BEGIN

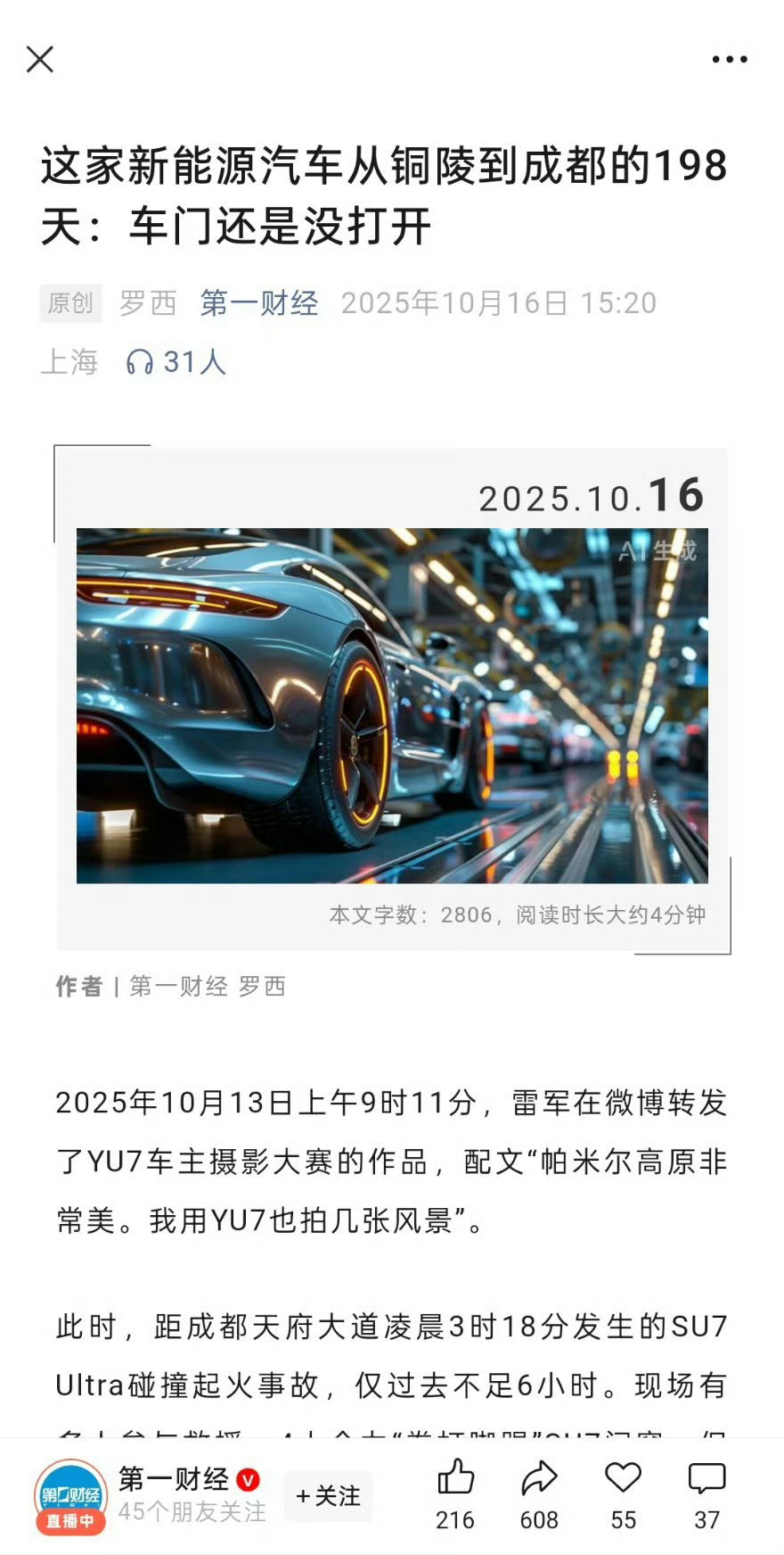 造年轻人的第一台车而不是最后一台成都小米SU7事故车门为何无法打开
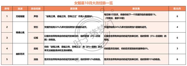 本次对女魃墓三个流派的改动主要集中在“流派特色”上。“无相鬼魃”增加了召唤怨灵叠伤害的经脉,“唤魂山鬼”强化了幻魔攻击诅咒单位的能力,“幽影怨灵”则是强化了“堕灵”的续航能力。
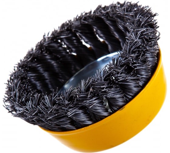 Чашечная щетка "MASTER" STAYER применяется в качестве насадки для угловых шлифовальных машин. Она предназначена для шлифовки, полирования, матирования, зачистки от лака, краски и коррозии различных поверхностей и изделий. Рабочая часть состоит из скрученной в пучки стальной проволоки диаметром 0.5 мм. Латунное покрытие защищает проволоку от коррозии и препятствует возникновению процессов искрения при обработке поверхностей. Посадочное отверстие имеет резьбу М14. Специальная форма диска в виде чаши и плетеные пучки позволяют работать в труднодоступных местах.
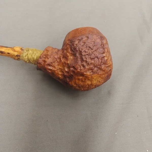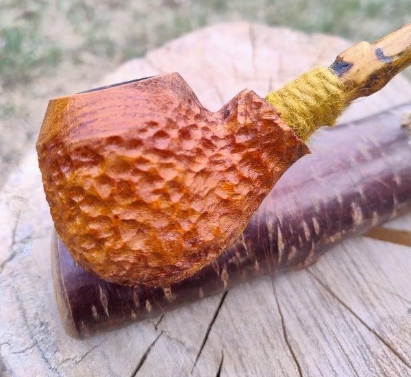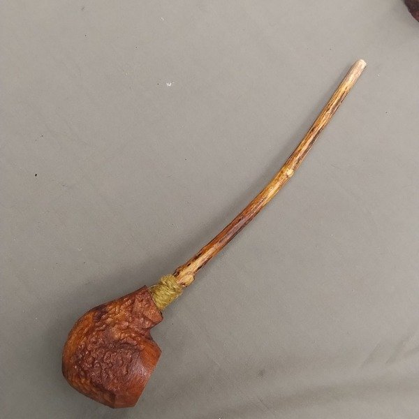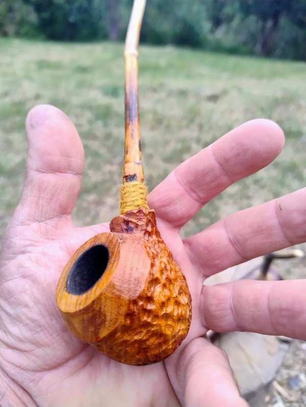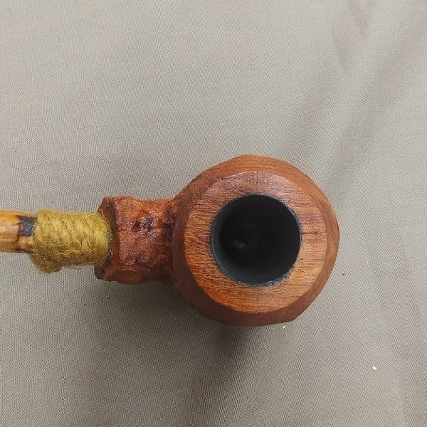 Hermoso ejemplar en cazoleta de olivo tallada, laqueada y rusticada, con boquilla en fresno, realizada conservando las tecnicas celtas, peso 69 grs; levemente curvada; largo:30 cm; ancho:45 mm, altura 52 mm, profundidad 33mm, apertura de boca 19 mm terminando en 16 mm.
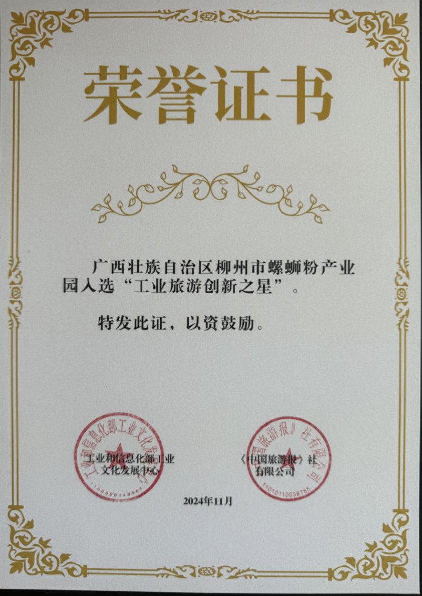 ▲柳州螺蛳粉产业园“工业旅游创新之星”荣誉证书
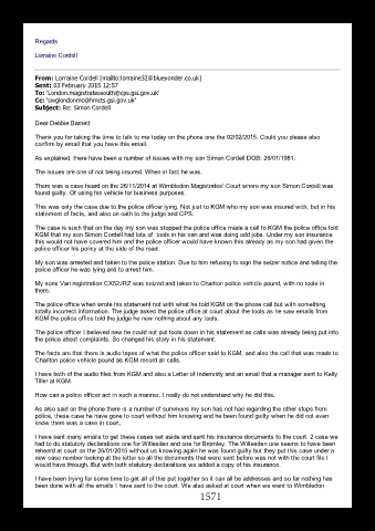 There was a case heard on the 26/11/2014 at Wimbledon Magistrates' Court where my son Simon Cordell was
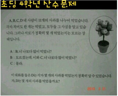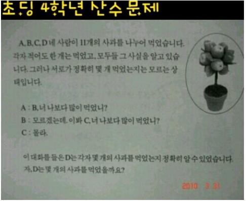 저 대화를 듣고 D가 몇개를 먹어야 알수있는지만 구하면 되는 문제네요. 수식은 다음분이 구해주실거에요.ㅋㅋㅋ |
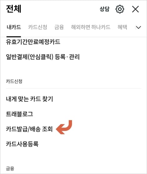 하나카드 발급 및 배송진행 상황 조회 확인 방법
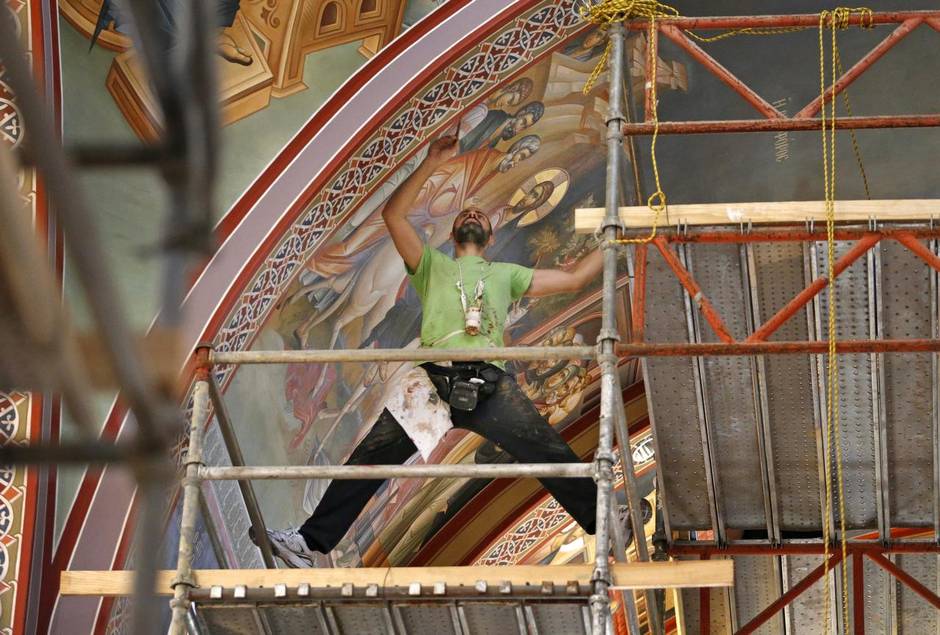 Tall scaffolding line the transepts of the church — the east-west arms of the sanctuary — where the iconographer and his crew stand high above the pews and roll out the canvases he created back in Greece.
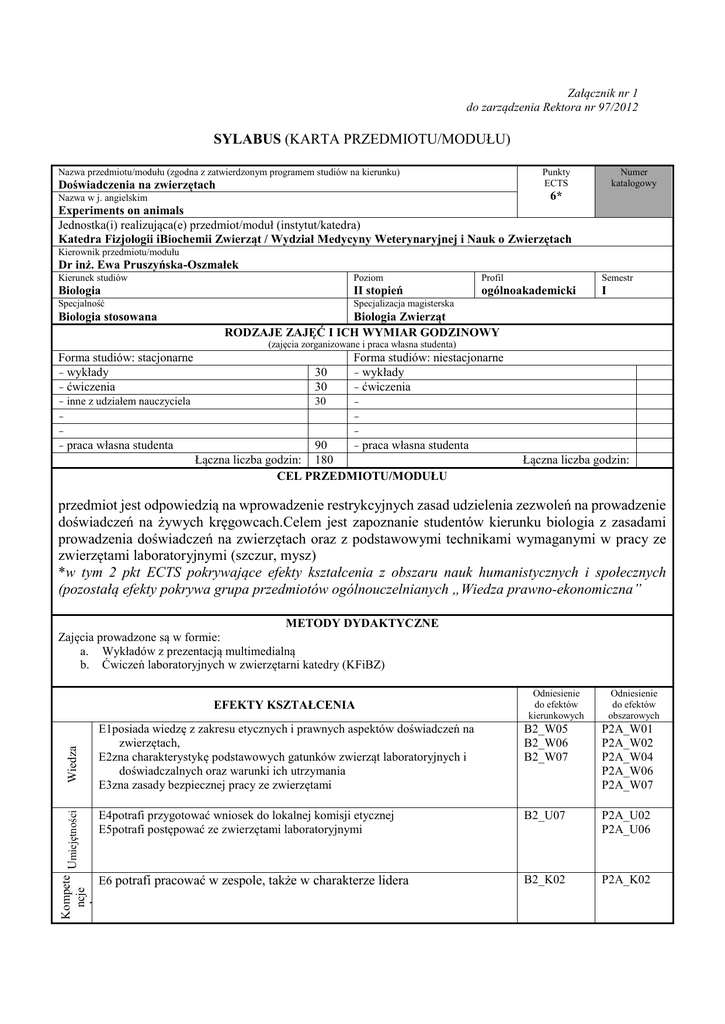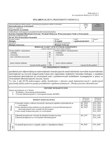 Załącznik nr 1 do zarządzenia Rektora nr 97/2012 SYLABUS (KARTA PRZEDMIOTU/MODUŁU) Nazwa przedmiotu/modułu (zgodna z zatwierdzonym programem studiów na kierunku) Punkty ECTS Doświadczenia na zwierzętach Numer katalogowy 6* Experiments on animals Jednostka(i) realizująca(e) przedmiot/moduł (instytut/katedra) Katedra Fizjologii iBiochemii Zwierząt / Wydział Medycyny Weterynaryjnej i Nauk o Zwierzętach Nazwa w j. angielskim Kierownik przedmiotu/modułu Dr inż. Ewa Pruszyńska-Oszmałek Kierunek studiów Poziom Profil Semestr Biologia II stopień ogólnoakademicki I Specjalność Specjalizacja magisterska Biologia stosowana Biologia Zwierząt RODZAJE ZAJĘĆ I ICH WYMIAR GODZINOWY (zajęcia zorganizowane i praca własna studenta) Forma studiów: stacjonarne wykłady ćwiczenia 30 30 inne z udziałem nauczyciela 30 praca własna studenta Forma studiów: niestacjonarne wykłady ćwiczenia praca 90 własna studenta Łączna liczba godzin: 180 CEL PRZEDMIOTU/MODUŁU Łączna liczba godzin: przedmiot jest odpowiedzią na wprowadzenie restrykcyjnych zasad udzielenia zezwoleń na prowadzenie doświadczeń na żywych kręgowcach.Celem jest zapoznanie studentów kierunku biologia z zasadami prowadzenia doświadczeń na zwierzętach oraz z podstawowymi technikami wymaganymi w pracy ze zwierzętami laboratoryjnymi (szczur, mysz) *w tym 2 pkt ECTS pokrywające efekty kształcenia z obszaru nauk humanistycznych i społecznych (pozostałą efekty pokrywa grupa przedmiotów ogólnouczelnianych „Wiedza prawno-ekonomiczna” METODY DYDAKTYCZNE Zajęcia prowadzone są w formie: a. Wykładów z prezentacją multimedialną b. Ćwiczeń laboratoryjnych w zwierzętarni katedry (KFiBZ) Odniesienie do efektów kierunkowych Odniesienie do efektów obszarowych E1posiada wiedzę z zakresu etycznych i prawnych aspektów doświadczeń na zwierzętach, E2zna charakterystykę podstawowych gatunków zwierząt laboratoryjnych i doświadczalnych oraz warunki ich utrzymania E3zna zasady bezpiecznej pracy ze zwierzętami B2_W05 B2_W06 B2_W07 P2A_W01 P2A_W02 P2A_W04 P2A_W06 P2A_W07 .E4potrafi przygotować wniosek do lokalnej komisji etycznej E5potrafi postępować ze zwierzętami laboratoryjnymi B2_U07 P2A_U02 P2A_U06 E6 potrafi pracować w zespole, także w charakterze lidera B2_K02 P2A_K02 Kompete Umiejętności ncje społeczne Wiedza EFEKTY KSZTAŁCENIA Numery efektów Metody weryfikacji efektów kształcenia Opisowa ocena pracy w zespole na ćwiczeniach (protokoły, wnioski) Kolokwium E4, E5, E6 E1, E2, E3 TREŚCI KSZTAŁCENIA WYKŁADY 1. Regulacje prawne – omówienie ustaw i rozporządzeń dotyczących doświadczeń na zwierzętach i praw zwierząt 2. Działanie Krajowej i Lokalnych Komisji Etycznych 3. Omówienie obowiązków instytucji i osób uprawnionych do pracy ze zwierzętami 4. Skala inwazyjności doświadczeń przeprowadzanych na zwierzętach – próba oceniania inwazyjności procedur proponowanych we wnioskach 5. Zwierzętarnia – jakie warunki muszą zostać spełnione aby móc utrzymywać/hodować zwierzęta doświadczalne, rodzaje zwierzętarni 6. Charakterystyka poszczególnych gatunków zwierząt laboratoryjnych - sposoby ich żywienia, kojarzenia, fizjologii i biologii rozrodu (szczur, mysz, świnka morska, królik, chomik), badania prowadzone z udziałem tych zwierząt 7. Zwierzęta gospodarskie jako zwierzęta, na których również prowadzone są doświadczenia 8. Inne gatunki zwierząt (pies, kot), które wykorzystywane są do badań 9. Przedstawienie podstawowych zabiegów przeprowadzanych na zwierzętach, omówienie sposobów wykonania anestezji i analgezji 10. Modela zwierzęce 11. Eutanazja – humanitarne metody uśmiercania zalecane przez Krajową Komisję Etyczną 12. Metody alternatywne czyli sposoby ograniczania ilości zwierząt laboratoryjnych do doświadczeń 13. Organizmy modyfikowane genetycznie – manipulacje genetyczne prowadzone na zwierzętach, prawne regulacje ĆWICZENIA Ćwiczenia praktyczne pozwalają na zapoznanie studentów ze sposobami postępowania ze zwierzętami laboratoryjnymi i pozwalają na zdobycie minimalnej praktyki w tym zakresie. Przez zdobywanie praktyki w tym zakresie rozumie się m.in: sposoby chwytania i przenoszenia zwierząt laboratoryjnych, sposoby podskórnego i dootrzewnowego podawania substancji zwierzętom, sposobach kontrolowania stanu zdrowia zwierząt, systemach eutanazji. Studenci zostaną zapoznani z zasadami funkcjonowania zwierzętarni, z żywieniem i utrzymaniem dwóch gatunków zwierząt laboratoryjnych (na ćwiczeniach zostaną wykorzystane myszy i szczury laboratoryjne). Formy i kryteria zaliczenia przedmiotu/modułu Procentowy udział w końcowej ocenie Protokoły Kolokwium/Test zaliczeniowy (minimum 60%) 20% 80% WYKAZ LITERATURY Literatura podstawowa 1. Brylińska J, Kwiatkowska J (1996) Zwierzęta laboratoryjne; Metody hodowli i doświadczeń Praca Zbiorowa Kraków: Universitas 2. Krzanowska H, Prebisch J, Korda P (1974) Zwierzęta Laboratoryjne hodowla i użytkowanie PZWL Literatura uzupełniająca 1. Bishop J (2001) “Ssaki transgeniczne” PWN 2. Masters JR. W (2000) “Animal Cell Culture” Oxford University Press 3rd Edition 3. Sharp PE., La Regina MC. (1998) “The Laboratory Rat” CRC Press LLC
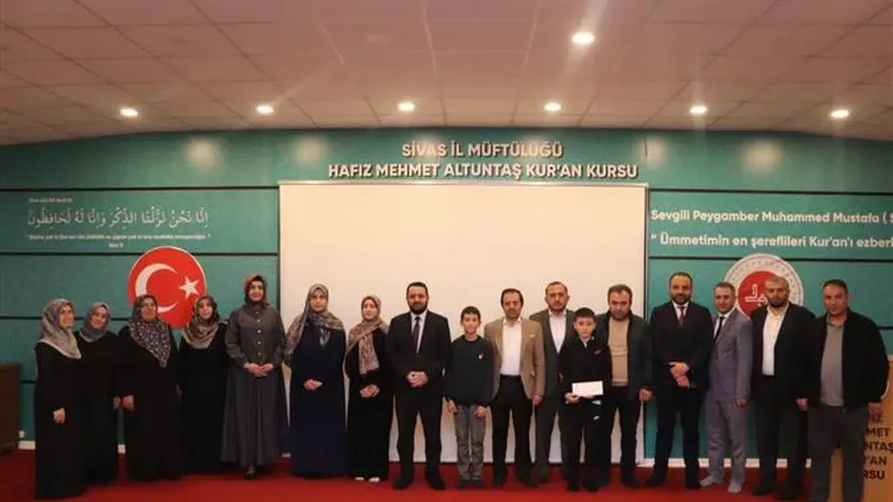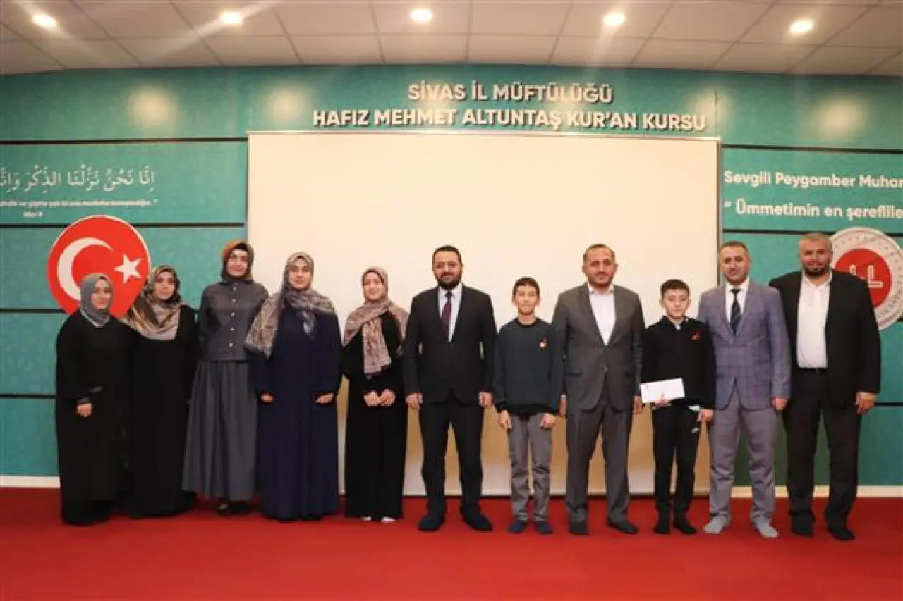 Sivas’ın yetiştirdiği genç hafızlar, Türkiye genelinde önemli dereceler elde ederek hem ilini hem de hocalarını gururlandırdı. Hafız Mehmet Altuntaş Yatılı Erkek Kur’an Kursu Konferans Salonu’nda düzenlenen törene; İl Müftüsü Hasan Limon, müftü yardımcıları, şube müdürleri, Eğitim Hizmetleri Birimi personeli, öğrenciler ve veliler katıldı.
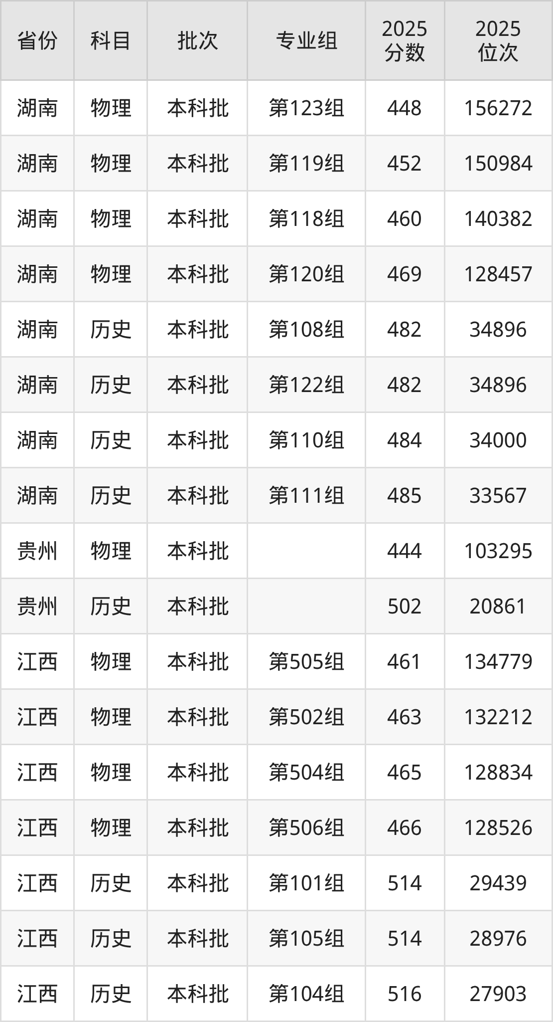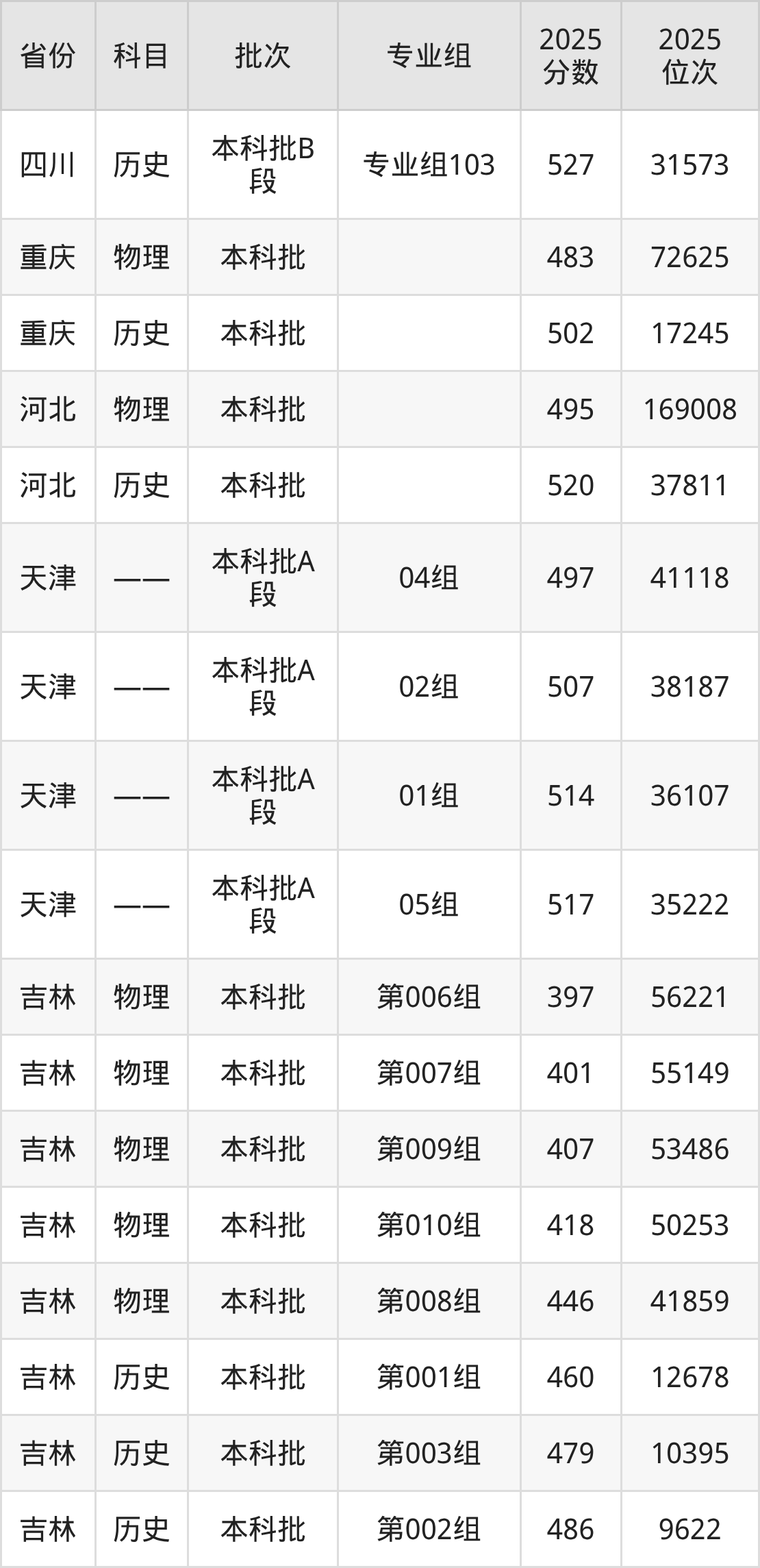 2025年投档录取最低分为502分,录取最低位次为17245名。

END

PROMPT:
Skip every picture, and restate word for word only the lines above from the line containing "하나카드 발급 및 배송진행 상황 조회 확인 방법" to the line containing "Tall scaffolding line", both of them included.

ANSWER SPACE:
 하나카드 발급 및 배송진행 상황 조회 확인 방법
 Tall scaffolding line the transepts of the church — the east-west arms of the sanctuary — where the iconographer and his crew stand high above the pews and roll out the canvases he created back in Greece.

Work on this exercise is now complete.